Regarding SSL offloading, we had the same use case since they need the certificate for external communications, but for internal communications, they had a separate certificate. We just offloaded the SSL in WAF, and we do the SSL transition in the Fortinet FortiADC part.

When speaking about load balancing, this refers to GSLB, which stands for Global Server Load Balancing. The use case was to balance the loads in a hospital environment with one main application and other side applications supporting doctors, the database for their medical equipment, and related systems. The main application was an online consulting application. The task of Fortinet FortiADC was to load balance the number of hits based on the round robin algorithm and manage the balances between the four or five servers allocated to the application.

In terms of analytics and reporting capability, when integrated, we integrated with FortiAnalyzer. As a standalone solution, it doesn't show much impact, but when integrated with FortiAnalyzer, it has much more significance.

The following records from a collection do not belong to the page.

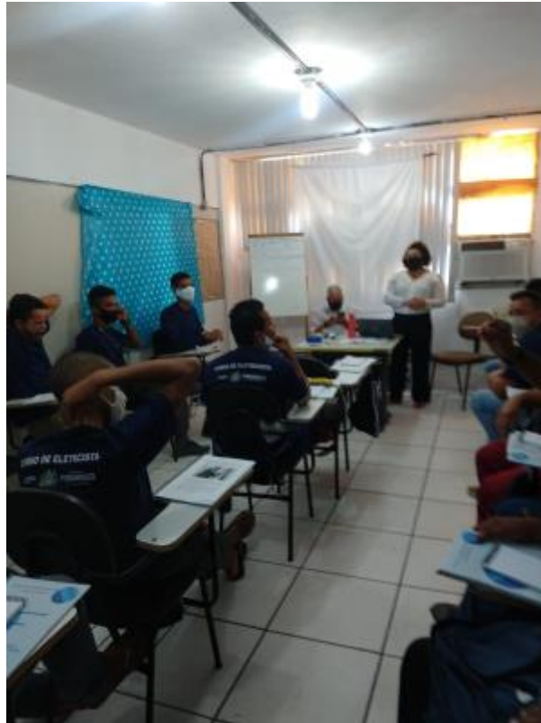
3 - PALESTRA SOBRE FORMALIZAÇÃO DE NATUREZA JURIDICA MEI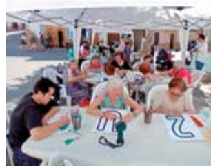
Actividad. / EPDA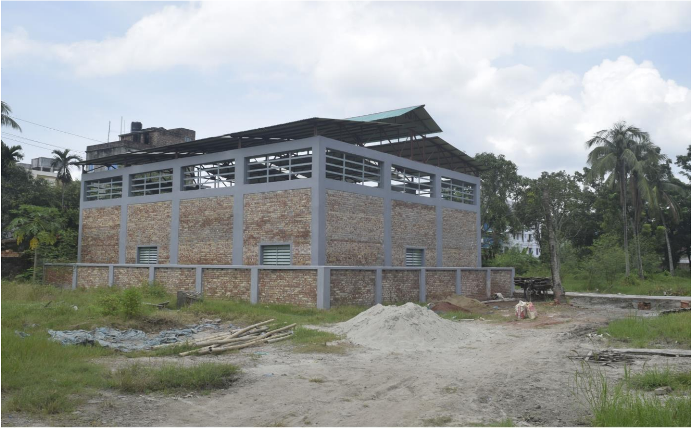
সেকেভারী ট্রান্সফার স্টেশন (এসটিএস)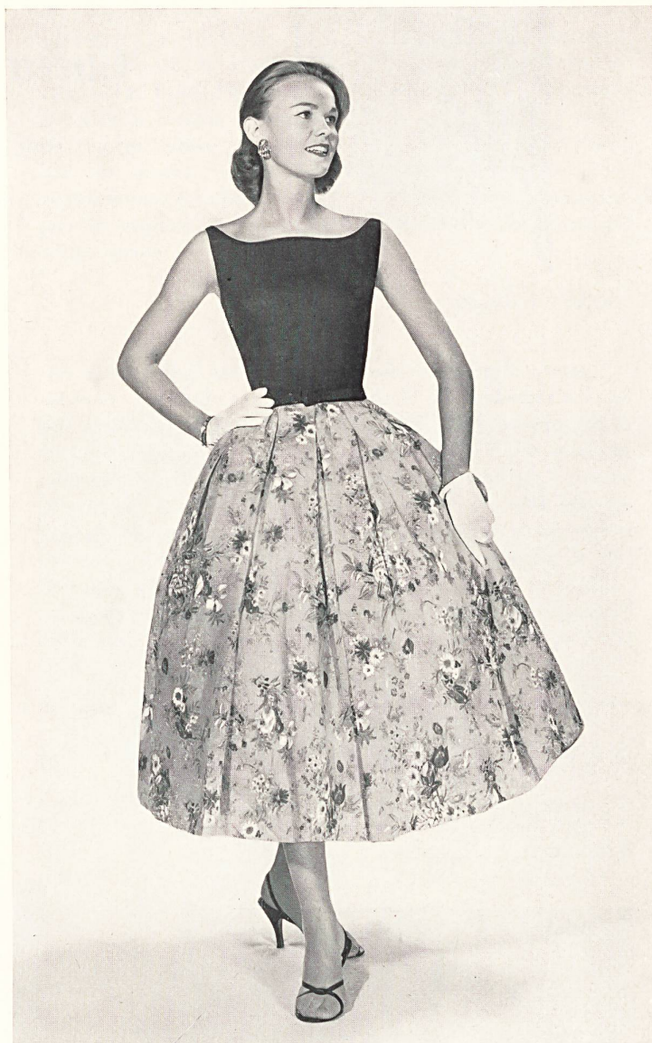
J. G. NEF & CO. S.A., HERISAU « Nelo flor » color printed creped organdy. Model by Marjorie Michael Inc., California.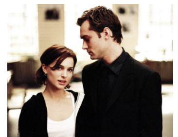
2004 ENTRE ADULTES CONSENTANTS (Closer) de Mike Nichols avec Natalie Portman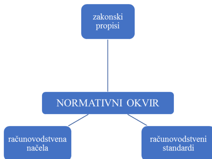
Slika 1. Normativni okvir računovodstva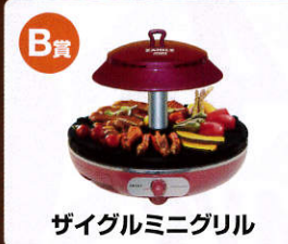
B賞 ザイグルミニグリル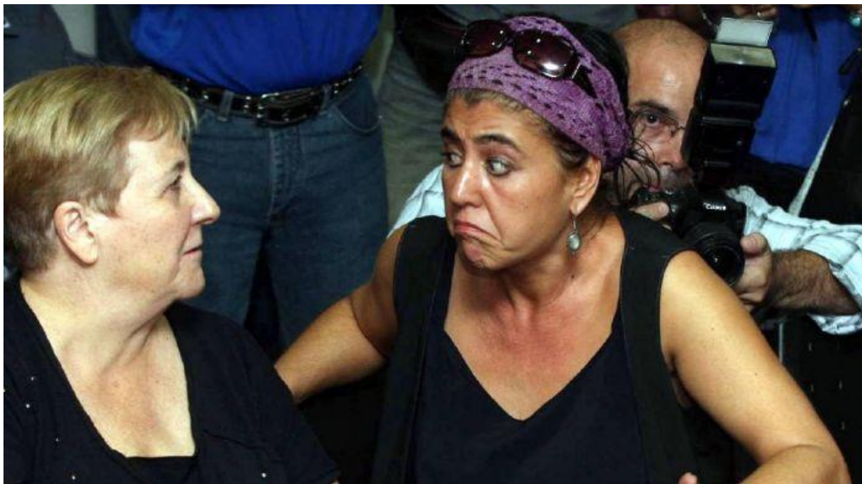
Del Pópolo (Ampros) y Blas (ATE) están al frente de las demandas de los gremios de la Salud. (Diego Parés)

Los gremios de la Salud y de la Administración Central intentarán hacer confluír sus reclamos, a cuatro semanas de las elecciones.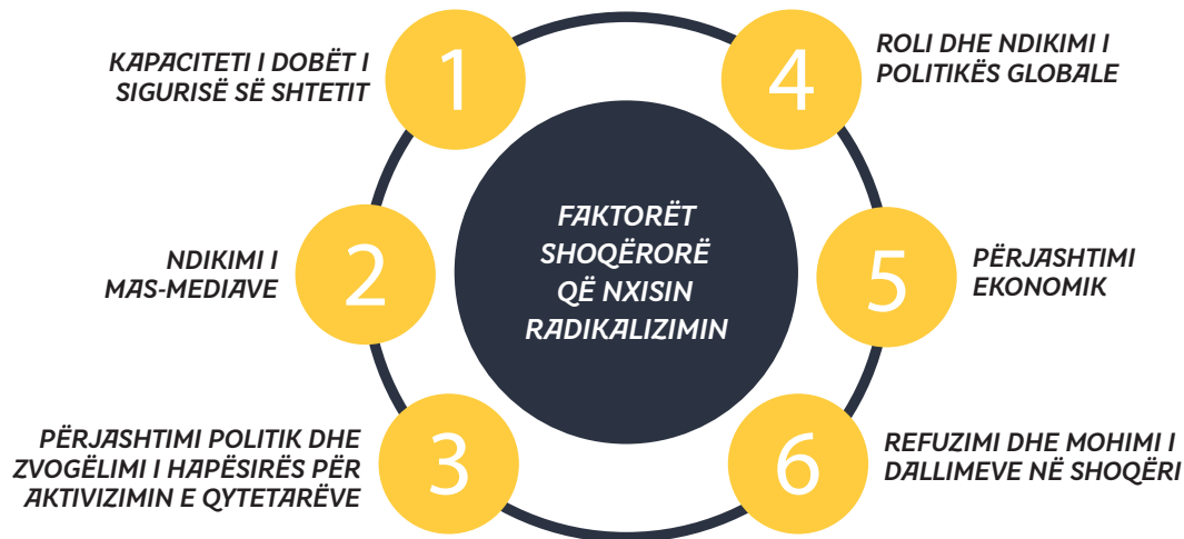
Ilustrimi 2 Faktorët (shoqërorë) strukturorë që nxisin radikalizimin

Këta faktorë nuk duhet të shqyrtohen në mënyrë individuale dhe të ndarë. Në bashkëveprim duhet të merren parasysh edhe faktorët individualë (Tjetërsimi dhe përjashtimi, zemërimi dhe frustrimi, dobësitë personale, kërkimi i identitetit dhe dinjitetit personal, hakmarrja për shkak të traumave të përjetuara paraprake, nënvlerësimet, mosrespektimi dhe keqpërdorimi etj.), të cilat kontribuojnë për radikalizimin e personave.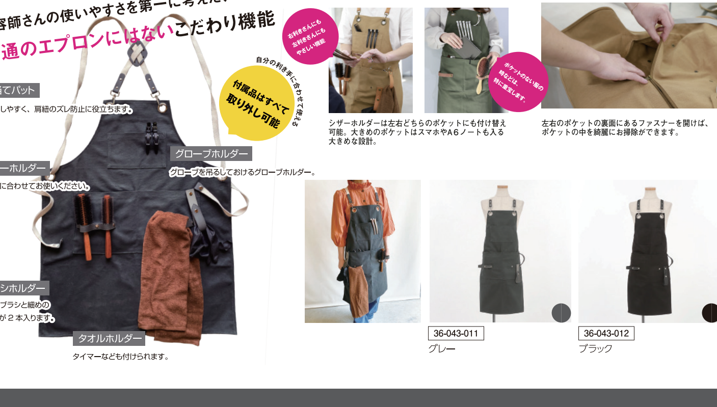
36-043-011 グレー 36-043-012 ブラック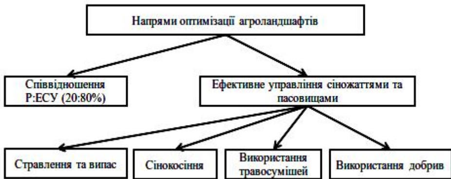
Рисунок 1. Основні напрями оптимізації агроландшафтів Східного Поділля

З метою збереження біорізноманіття та враховуючи структуру земельного фонду регіону пропонуються такі напрями оптимізації агроландшафтів, як оптимальне співвідношення ріллі до екологостабілізаційних угідь (ЕСУ) та ефективне управління сіножаттями і пасовищами (рис. 1).

Some customers need custom management for handling their applications across the servers. Instead of having a predefined solution, if we had space for custom-based algorithms to load balance the traffic, it would be better. We have faced such cases with A10, where we can leverage many custom scripts and do much more. Even though A10 primarily focuses on SMBs, they have also ventured into the enterprise market. Fortinet has been a pioneer for enterprise solutions, such as firewalls, SASE, ZTNA, and SD-WAN solutions, and they are in a leader quadrant. Therefore, they should have more options.

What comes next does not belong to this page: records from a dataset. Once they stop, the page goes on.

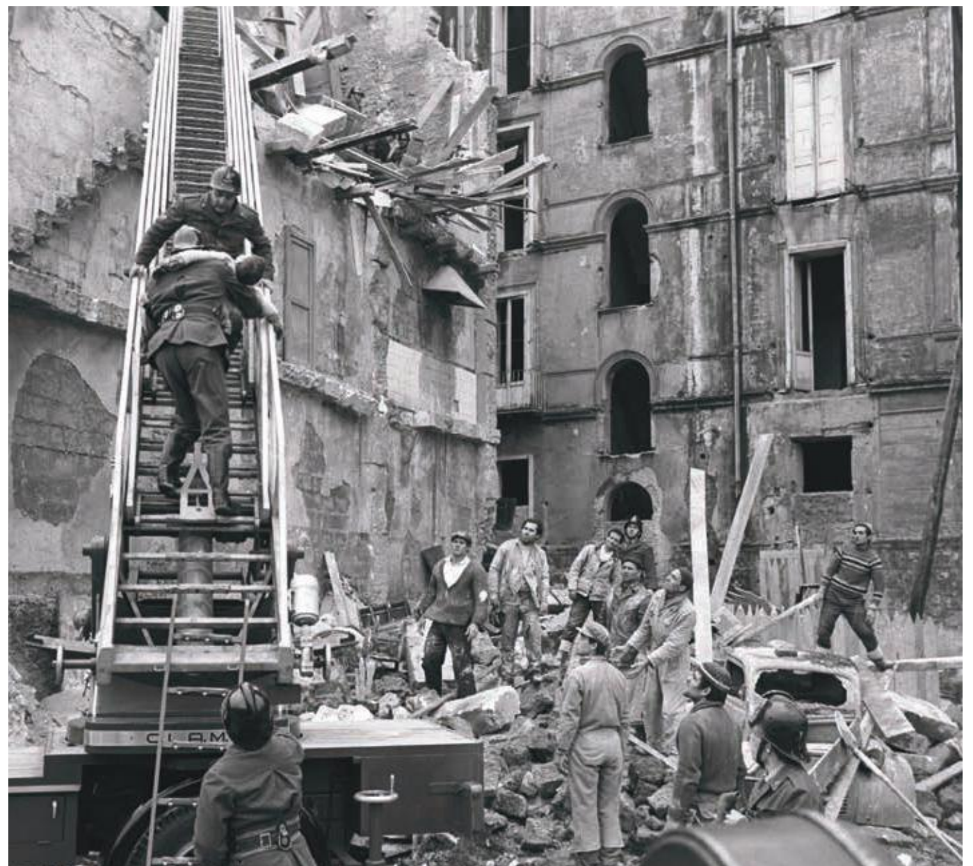
Set del film Le mani sulla città di Francesco Rosi, 1963.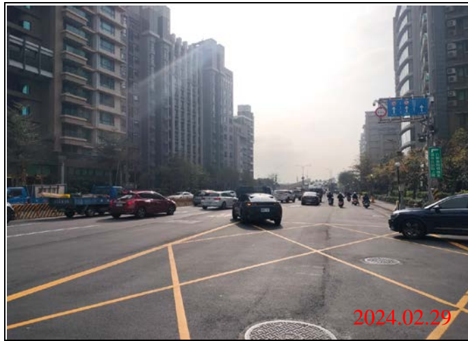
巡查日期地點：113.02.29/ Y23車站 照片說明：路面狀況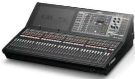
【デジタルミキシングコンソール】 参考品番：QL5 (YAMAHA)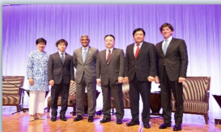
在日米国商工会議所 (ACCJ) イベントの様子 (27年6月)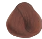
5.62 CASTANO CHIARO ROSSO IRISÉ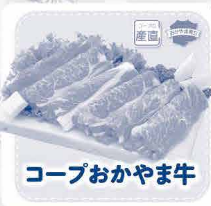
コープおかやま牛

こだわりのポイント エサにこだわり おかやまコープ独自の配合飼料を使用。 NON-GMO※1・PHFコーンだから安心。 WCS(飼料用稲)と飼料用米も使用し、食料 自給率アップの取り組みも行っています。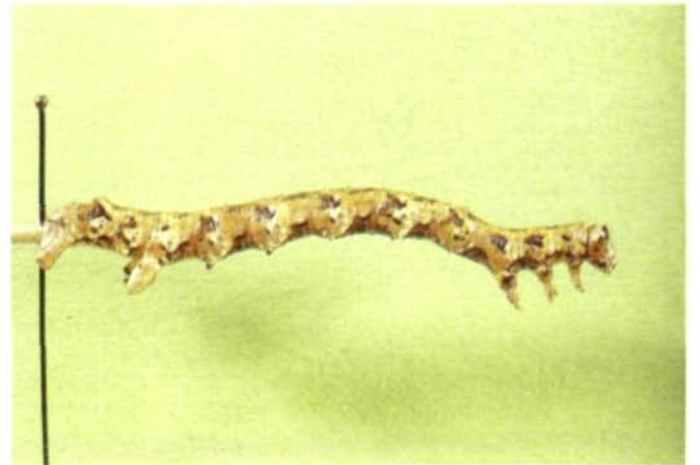
Abb. 10: Cleorodes lichenaria HUFN., Coll. OÖ. Landesmuseum, ausgeblasene Raupe.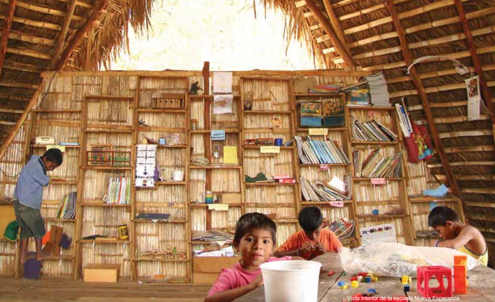
Vista interior de la escuela Nueva Esperanza

lo que emprendimos la construcción de un nuevo local". El Profesor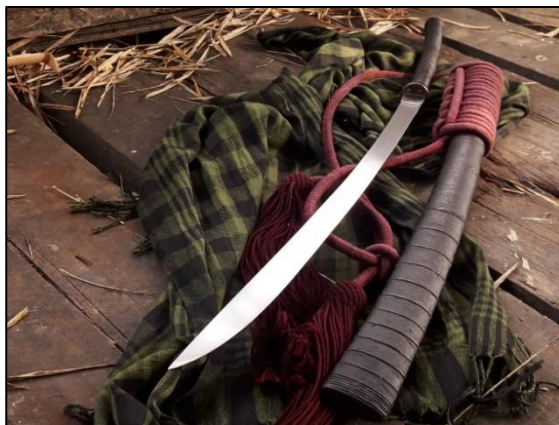
ดาบใบข้าว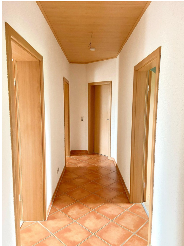
Flur mit Zimmerzugang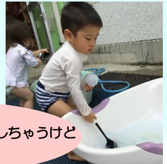
体に水がかかるとビックリしちゃうけど おたまで遊ぶと楽しいな～

From a pricing perspective, it is expensive.

Fortinet FortiADC has been a stable product until now; however, lately we are facing some small issues. It cannot be classified as unstable since they have good support. Overall, it has been good; in the past it was very good, and now it is still performing well.

Even though it is on-premise, there might be some limitations with scalability. Fortinet FortiADC has both virtual and physical appliance options. For those opting for a SaaS or cloud solution, there is scalability and flexibility. Additionally, FortiGSLB cloud integrations provide maximum service availability and some flexible licensing options. Apart from the physical on-premise model, everything else regarding scalability and functionality is excellent.

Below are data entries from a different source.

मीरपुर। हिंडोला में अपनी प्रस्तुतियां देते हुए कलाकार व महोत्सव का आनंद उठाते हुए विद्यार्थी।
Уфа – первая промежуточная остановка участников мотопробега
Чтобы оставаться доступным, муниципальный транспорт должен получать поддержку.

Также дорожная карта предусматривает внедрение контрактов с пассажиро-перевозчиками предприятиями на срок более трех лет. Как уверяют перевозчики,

Technical support from Fortinet is satisfactory. It varies depending on the engineer assigned; in most cases, we resolve issues on the first attempt. There have been one or two rare instances where they fail to provide complete support, but it's not solely their fault; overall, the support is good.

On a scale from one to ten, the support deserves an eight.

Positive

When comparing Fortinet to other competitors such as SentinelOne, Trend Micro, and Trellix, Fortinet provides a comprehensive platform that goes beyond just solutions; it creates an end-to-end security platform. You can have mail security, web security, and firewall perimeter security. In contrast, Trellix and Trend Micro mostly focus on endpoint security levels and occasionally offer secure web gateway or mail security solutions. Rarely do they cover as much as Fortinet. SentinelOne focuses heavily on the attacking path regarding endpoint security and identity security. Their roadmap is extending to data DLP, data security, and cloud security. They have begun working on cloud security and their product is promising. Ultimately, Fortinet constructs every solution needed for each defense layer, making it comparatively better than Trellix, Trend Micro, or SentinelOne.

The installation of Fortinet FortiADC rates around six or seven out of ten in terms of difficulty.

Our clients typically have the solution on-premise. I would rate Fortinet FortiADC a seven out of ten overall as a product.